┌─ MATERIAL TO PROCESS
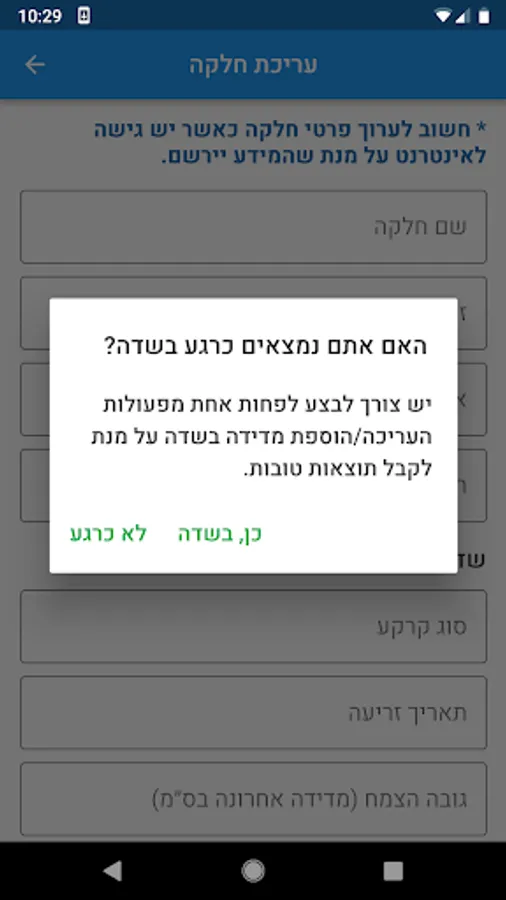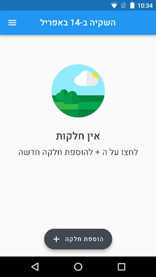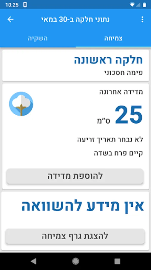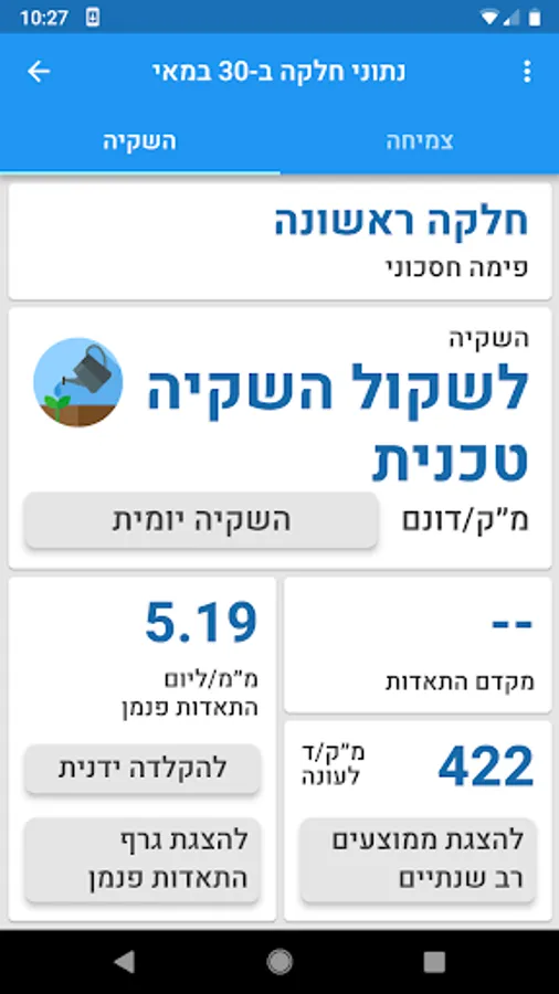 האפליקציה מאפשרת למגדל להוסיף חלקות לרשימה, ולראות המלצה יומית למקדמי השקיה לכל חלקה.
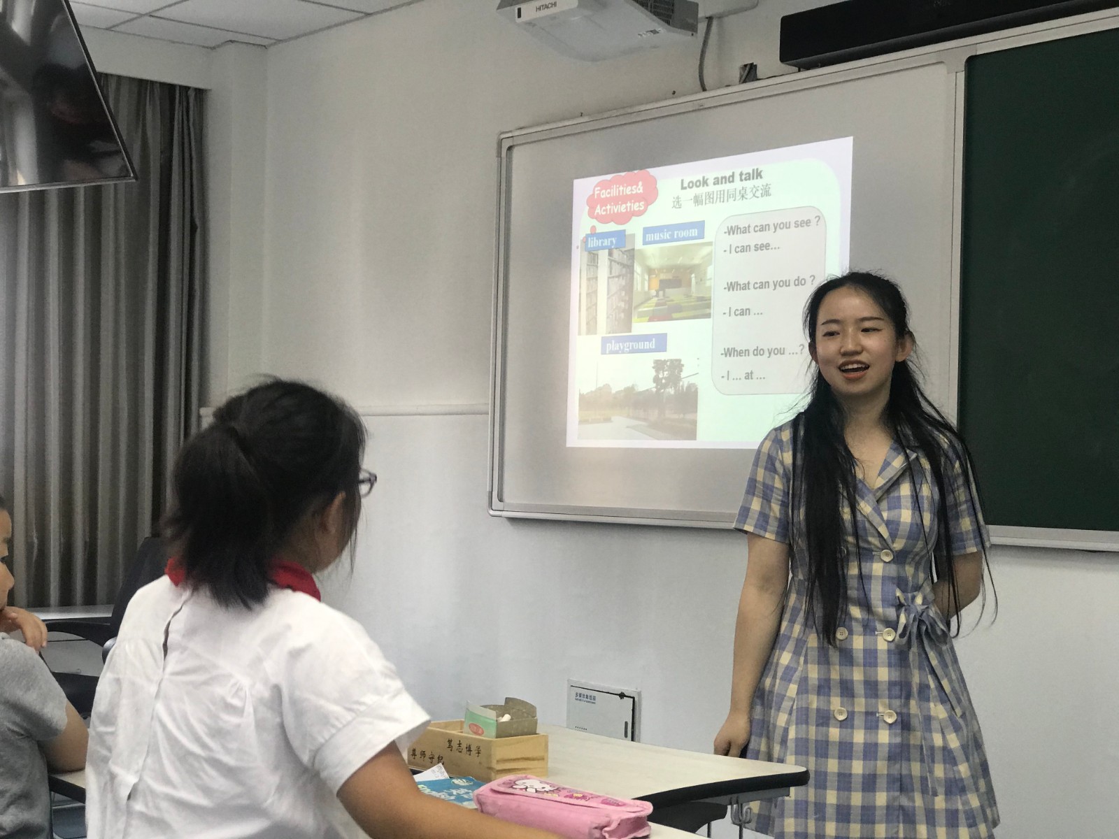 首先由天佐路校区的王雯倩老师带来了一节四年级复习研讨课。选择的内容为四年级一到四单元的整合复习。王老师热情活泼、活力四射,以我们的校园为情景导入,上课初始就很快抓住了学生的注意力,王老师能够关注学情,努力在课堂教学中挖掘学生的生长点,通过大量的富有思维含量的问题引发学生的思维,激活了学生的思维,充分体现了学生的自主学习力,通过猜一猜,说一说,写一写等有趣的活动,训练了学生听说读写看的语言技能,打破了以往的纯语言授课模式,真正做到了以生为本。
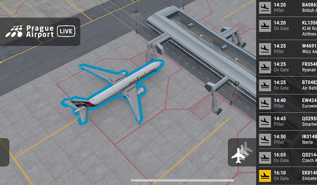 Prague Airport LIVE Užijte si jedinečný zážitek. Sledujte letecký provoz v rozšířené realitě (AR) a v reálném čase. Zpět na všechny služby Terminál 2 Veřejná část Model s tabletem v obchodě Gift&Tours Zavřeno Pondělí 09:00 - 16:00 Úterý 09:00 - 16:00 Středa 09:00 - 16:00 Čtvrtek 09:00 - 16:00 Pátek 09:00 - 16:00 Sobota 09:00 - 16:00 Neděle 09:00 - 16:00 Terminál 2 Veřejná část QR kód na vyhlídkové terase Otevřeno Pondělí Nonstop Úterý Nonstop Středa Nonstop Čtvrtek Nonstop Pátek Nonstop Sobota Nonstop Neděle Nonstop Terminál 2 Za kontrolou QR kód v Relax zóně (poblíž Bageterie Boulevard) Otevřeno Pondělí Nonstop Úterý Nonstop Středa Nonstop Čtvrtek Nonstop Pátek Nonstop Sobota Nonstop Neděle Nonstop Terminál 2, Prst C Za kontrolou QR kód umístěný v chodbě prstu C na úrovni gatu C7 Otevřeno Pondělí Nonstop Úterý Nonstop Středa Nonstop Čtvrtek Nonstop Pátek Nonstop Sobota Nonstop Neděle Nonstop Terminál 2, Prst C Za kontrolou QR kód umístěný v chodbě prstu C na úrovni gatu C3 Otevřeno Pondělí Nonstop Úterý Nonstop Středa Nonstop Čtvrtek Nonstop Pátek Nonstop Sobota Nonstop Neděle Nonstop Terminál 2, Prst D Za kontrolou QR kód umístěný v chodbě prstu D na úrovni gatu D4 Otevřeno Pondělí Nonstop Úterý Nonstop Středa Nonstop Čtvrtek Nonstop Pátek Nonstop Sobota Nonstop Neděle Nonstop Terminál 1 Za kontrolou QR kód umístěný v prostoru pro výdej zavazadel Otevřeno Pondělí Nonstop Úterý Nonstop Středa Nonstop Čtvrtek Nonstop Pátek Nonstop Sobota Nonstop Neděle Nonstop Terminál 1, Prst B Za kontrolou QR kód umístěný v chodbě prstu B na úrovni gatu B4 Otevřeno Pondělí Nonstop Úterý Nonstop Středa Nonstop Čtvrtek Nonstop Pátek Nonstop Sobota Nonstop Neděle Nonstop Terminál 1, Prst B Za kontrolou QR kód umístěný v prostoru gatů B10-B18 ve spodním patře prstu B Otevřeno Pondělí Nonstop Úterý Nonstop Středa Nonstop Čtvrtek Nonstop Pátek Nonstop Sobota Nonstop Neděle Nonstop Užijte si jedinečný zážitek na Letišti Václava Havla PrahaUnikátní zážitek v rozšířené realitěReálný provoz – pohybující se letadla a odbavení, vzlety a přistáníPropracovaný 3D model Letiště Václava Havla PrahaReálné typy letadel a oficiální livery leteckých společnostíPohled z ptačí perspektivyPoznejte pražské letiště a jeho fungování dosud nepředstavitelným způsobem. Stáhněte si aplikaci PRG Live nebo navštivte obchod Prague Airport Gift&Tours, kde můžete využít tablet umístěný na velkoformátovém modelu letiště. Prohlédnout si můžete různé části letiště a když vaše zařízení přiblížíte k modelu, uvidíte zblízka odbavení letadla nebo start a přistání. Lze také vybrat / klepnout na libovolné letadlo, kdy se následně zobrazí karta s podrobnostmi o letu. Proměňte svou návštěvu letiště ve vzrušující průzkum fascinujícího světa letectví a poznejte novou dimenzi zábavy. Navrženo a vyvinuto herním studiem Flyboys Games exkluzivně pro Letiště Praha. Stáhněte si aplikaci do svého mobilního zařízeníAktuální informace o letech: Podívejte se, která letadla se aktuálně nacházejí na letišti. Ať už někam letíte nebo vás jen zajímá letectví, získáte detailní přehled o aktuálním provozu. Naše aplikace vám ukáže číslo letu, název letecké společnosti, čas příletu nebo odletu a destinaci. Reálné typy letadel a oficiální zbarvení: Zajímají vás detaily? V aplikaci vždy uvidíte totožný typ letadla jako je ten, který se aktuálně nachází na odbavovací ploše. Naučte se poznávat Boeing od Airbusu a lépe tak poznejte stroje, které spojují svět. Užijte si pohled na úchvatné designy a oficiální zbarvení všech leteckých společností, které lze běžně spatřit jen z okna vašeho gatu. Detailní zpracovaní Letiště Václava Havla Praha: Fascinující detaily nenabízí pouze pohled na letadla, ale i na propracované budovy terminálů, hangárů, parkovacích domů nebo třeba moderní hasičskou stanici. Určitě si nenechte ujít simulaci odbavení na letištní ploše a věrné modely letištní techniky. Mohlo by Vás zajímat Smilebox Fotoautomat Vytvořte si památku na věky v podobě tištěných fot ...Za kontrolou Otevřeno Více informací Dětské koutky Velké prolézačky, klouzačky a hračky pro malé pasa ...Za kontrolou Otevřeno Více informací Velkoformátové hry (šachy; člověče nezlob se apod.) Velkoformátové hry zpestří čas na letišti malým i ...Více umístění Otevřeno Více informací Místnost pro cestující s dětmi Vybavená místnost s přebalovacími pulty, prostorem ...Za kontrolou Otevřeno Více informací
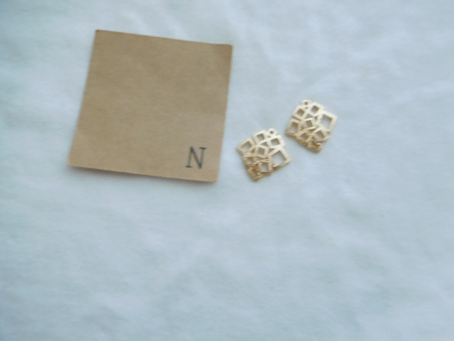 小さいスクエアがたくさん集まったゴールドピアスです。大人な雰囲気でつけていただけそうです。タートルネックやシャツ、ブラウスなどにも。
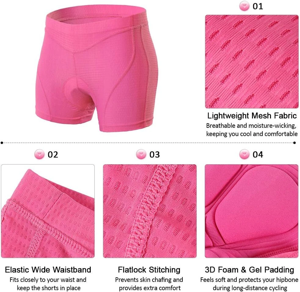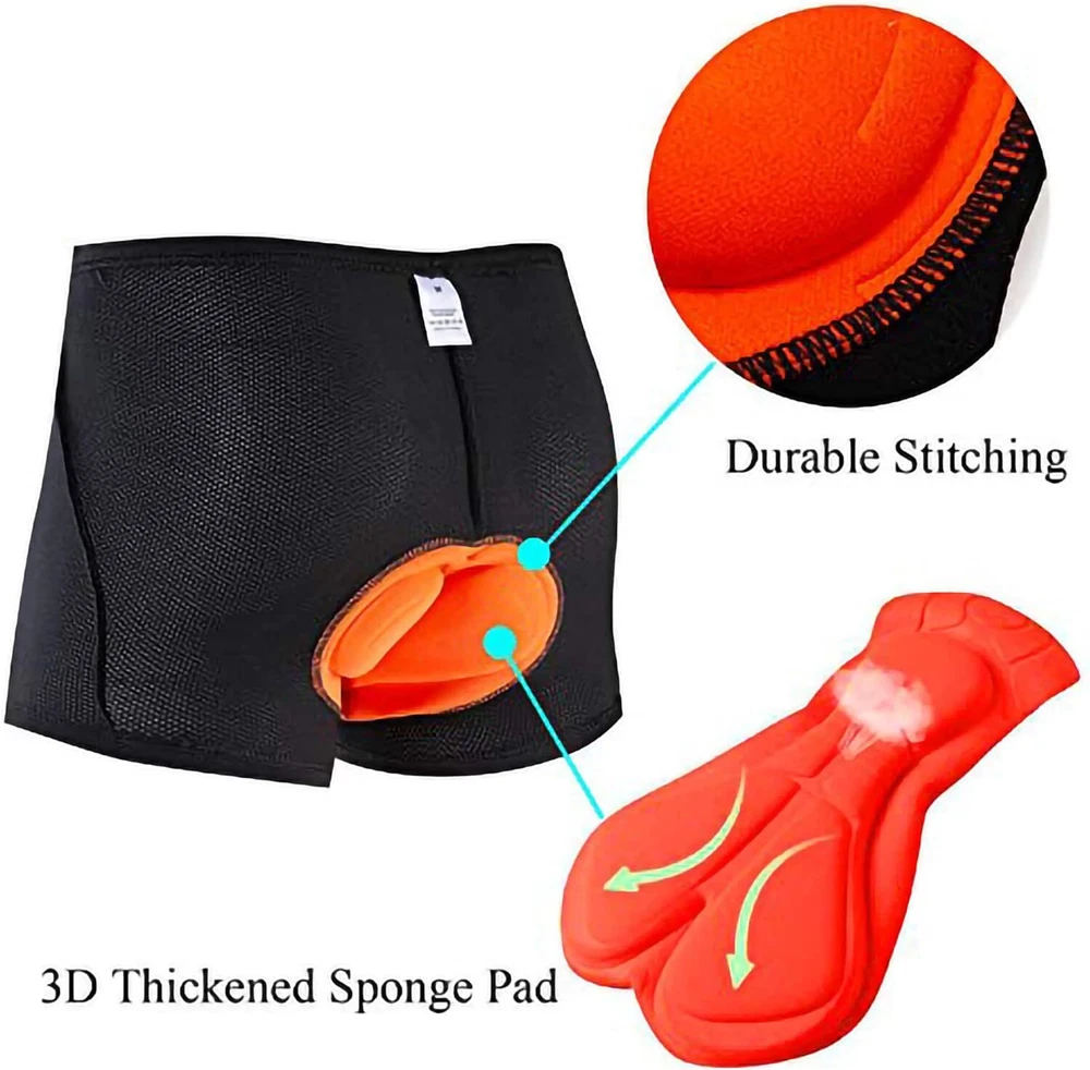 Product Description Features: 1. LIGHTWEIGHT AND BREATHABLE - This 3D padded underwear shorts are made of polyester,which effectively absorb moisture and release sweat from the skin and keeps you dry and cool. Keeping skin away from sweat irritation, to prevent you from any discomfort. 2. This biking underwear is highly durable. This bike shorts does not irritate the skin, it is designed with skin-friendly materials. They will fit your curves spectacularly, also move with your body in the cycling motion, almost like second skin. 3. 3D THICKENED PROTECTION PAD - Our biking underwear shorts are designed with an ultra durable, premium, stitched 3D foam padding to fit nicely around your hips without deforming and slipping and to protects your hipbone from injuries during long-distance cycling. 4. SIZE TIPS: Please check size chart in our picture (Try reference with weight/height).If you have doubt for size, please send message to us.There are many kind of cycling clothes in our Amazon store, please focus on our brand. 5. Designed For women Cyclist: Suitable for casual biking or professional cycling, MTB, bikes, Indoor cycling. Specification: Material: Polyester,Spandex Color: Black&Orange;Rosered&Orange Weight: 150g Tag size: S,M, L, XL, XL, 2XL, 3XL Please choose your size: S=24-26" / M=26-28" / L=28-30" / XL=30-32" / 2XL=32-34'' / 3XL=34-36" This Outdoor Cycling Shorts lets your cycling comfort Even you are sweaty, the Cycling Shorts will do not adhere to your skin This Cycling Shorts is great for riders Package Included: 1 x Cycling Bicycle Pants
└─
PROBLEM STATEMENT:
Print the data again, word for word, without any pictures.

SOLUTION TO THIS EXERCISE:
 האפליקציה מאפשרת למגדל להוסיף חלקות לרשימה, ולראות המלצה יומית למקדמי השקיה לכל חלקה.
 首先由天佐路校区的王雯倩老师带来了一节四年级复习研讨课。选择的内容为四年级一到四单元的整合复习。王老师热情活泼、活力四射,以我们的校园为情景导入,上课初始就很快抓住了学生的注意力,王老师能够关注学情,努力在课堂教学中挖掘学生的生长点,通过大量的富有思维含量的问题引发学生的思维,激活了学生的思维,充分体现了学生的自主学习力,通过猜一猜,说一说,写一写等有趣的活动,训练了学生听说读写看的语言技能,打破了以往的纯语言授课模式,真正做到了以生为本。
 Prague Airport LIVE Užijte si jedinečný zážitek. Sledujte letecký provoz v rozšířené realitě (AR) a v reálném čase. Zpět na všechny služby Terminál 2 Veřejná část Model s tabletem v obchodě Gift&Tours Zavřeno Pondělí 09:00 - 16:00 Úterý 09:00 - 16:00 Středa 09:00 - 16:00 Čtvrtek 09:00 - 16:00 Pátek 09:00 - 16:00 Sobota 09:00 - 16:00 Neděle 09:00 - 16:00 Terminál 2 Veřejná část QR kód na vyhlídkové terase Otevřeno Pondělí Nonstop Úterý Nonstop Středa Nonstop Čtvrtek Nonstop Pátek Nonstop Sobota Nonstop Neděle Nonstop Terminál 2 Za kontrolou QR kód v Relax zóně (poblíž Bageterie Boulevard) Otevřeno Pondělí Nonstop Úterý Nonstop Středa Nonstop Čtvrtek Nonstop Pátek Nonstop Sobota Nonstop Neděle Nonstop Terminál 2, Prst C Za kontrolou QR kód umístěný v chodbě prstu C na úrovni gatu C7 Otevřeno Pondělí Nonstop Úterý Nonstop Středa Nonstop Čtvrtek Nonstop Pátek Nonstop Sobota Nonstop Neděle Nonstop Terminál 2, Prst C Za kontrolou QR kód umístěný v chodbě prstu C na úrovni gatu C3 Otevřeno Pondělí Nonstop Úterý Nonstop Středa Nonstop Čtvrtek Nonstop Pátek Nonstop Sobota Nonstop Neděle Nonstop Terminál 2, Prst D Za kontrolou QR kód umístěný v chodbě prstu D na úrovni gatu D4 Otevřeno Pondělí Nonstop Úterý Nonstop Středa Nonstop Čtvrtek Nonstop Pátek Nonstop Sobota Nonstop Neděle Nonstop Terminál 1 Za kontrolou QR kód umístěný v prostoru pro výdej zavazadel Otevřeno Pondělí Nonstop Úterý Nonstop Středa Nonstop Čtvrtek Nonstop Pátek Nonstop Sobota Nonstop Neděle Nonstop Terminál 1, Prst B Za kontrolou QR kód umístěný v chodbě prstu B na úrovni gatu B4 Otevřeno Pondělí Nonstop Úterý Nonstop Středa Nonstop Čtvrtek Nonstop Pátek Nonstop Sobota Nonstop Neděle Nonstop Terminál 1, Prst B Za kontrolou QR kód umístěný v prostoru gatů B10-B18 ve spodním patře prstu B Otevřeno Pondělí Nonstop Úterý Nonstop Středa Nonstop Čtvrtek Nonstop Pátek Nonstop Sobota Nonstop Neděle Nonstop Užijte si jedinečný zážitek na Letišti Václava Havla PrahaUnikátní zážitek v rozšířené realitěReálný provoz – pohybující se letadla a odbavení, vzlety a přistáníPropracovaný 3D model Letiště Václava Havla PrahaReálné typy letadel a oficiální livery leteckých společnostíPohled z ptačí perspektivyPoznejte pražské letiště a jeho fungování dosud nepředstavitelným způsobem. Stáhněte si aplikaci PRG Live nebo navštivte obchod Prague Airport Gift&Tours, kde můžete využít tablet umístěný na velkoformátovém modelu letiště. Prohlédnout si můžete různé části letiště a když vaše zařízení přiblížíte k modelu, uvidíte zblízka odbavení letadla nebo start a přistání. Lze také vybrat / klepnout na libovolné letadlo, kdy se následně zobrazí karta s podrobnostmi o letu. Proměňte svou návštěvu letiště ve vzrušující průzkum fascinujícího světa letectví a poznejte novou dimenzi zábavy. Navrženo a vyvinuto herním studiem Flyboys Games exkluzivně pro Letiště Praha. Stáhněte si aplikaci do svého mobilního zařízeníAktuální informace o letech: Podívejte se, která letadla se aktuálně nacházejí na letišti. Ať už někam letíte nebo vás jen zajímá letectví, získáte detailní přehled o aktuálním provozu. Naše aplikace vám ukáže číslo letu, název letecké společnosti, čas příletu nebo odletu a destinaci. Reálné typy letadel a oficiální zbarvení: Zajímají vás detaily? V aplikaci vždy uvidíte totožný typ letadla jako je ten, který se aktuálně nachází na odbavovací ploše. Naučte se poznávat Boeing od Airbusu a lépe tak poznejte stroje, které spojují svět. Užijte si pohled na úchvatné designy a oficiální zbarvení všech leteckých společností, které lze běžně spatřit jen z okna vašeho gatu. Detailní zpracovaní Letiště Václava Havla Praha: Fascinující detaily nenabízí pouze pohled na letadla, ale i na propracované budovy terminálů, hangárů, parkovacích domů nebo třeba moderní hasičskou stanici. Určitě si nenechte ujít simulaci odbavení na letištní ploše a věrné modely letištní techniky. Mohlo by Vás zajímat Smilebox Fotoautomat Vytvořte si památku na věky v podobě tištěných fot ...Za kontrolou Otevřeno Více informací Dětské koutky Velké prolézačky, klouzačky a hračky pro malé pasa ...Za kontrolou Otevřeno Více informací Velkoformátové hry (šachy; člověče nezlob se apod.) Velkoformátové hry zpestří čas na letišti malým i ...Více umístění Otevřeno Více informací Místnost pro cestující s dětmi Vybavená místnost s přebalovacími pulty, prostorem ...Za kontrolou Otevřeno Více informací
 小さいスクエアがたくさん集まったゴールドピアスです。大人な雰囲気でつけていただけそうです。タートルネックやシャツ、ブラウスなどにも。
 Product Description Features: 1. LIGHTWEIGHT AND BREATHABLE - This 3D padded underwear shorts are made of polyester,which effectively absorb moisture and release sweat from the skin and keeps you dry and cool. Keeping skin away from sweat irritation, to prevent you from any discomfort. 2. This biking underwear is highly durable. This bike shorts does not irritate the skin, it is designed with skin-friendly materials. They will fit your curves spectacularly, also move with your body in the cycling motion, almost like second skin. 3. 3D THICKENED PROTECTION PAD - Our biking underwear shorts are designed with an ultra durable, premium, stitched 3D foam padding to fit nicely around your hips without deforming and slipping and to protects your hipbone from injuries during long-distance cycling. 4. SIZE TIPS: Please check size chart in our picture (Try reference with weight/height).If you have doubt for size, please send message to us.There are many kind of cycling clothes in our Amazon store, please focus on our brand. 5. Designed For women Cyclist: Suitable for casual biking or professional cycling, MTB, bikes, Indoor cycling. Specification: Material: Polyester,Spandex Color: Black&Orange;Rosered&Orange Weight: 150g Tag size: S,M, L, XL, XL, 2XL, 3XL Please choose your size: S=24-26" / M=26-28" / L=28-30" / XL=30-32" / 2XL=32-34'' / 3XL=34-36" This Outdoor Cycling Shorts lets your cycling comfort Even you are sweaty, the Cycling Shorts will do not adhere to your skin This Cycling Shorts is great for riders Package Included: 1 x Cycling Bicycle Pants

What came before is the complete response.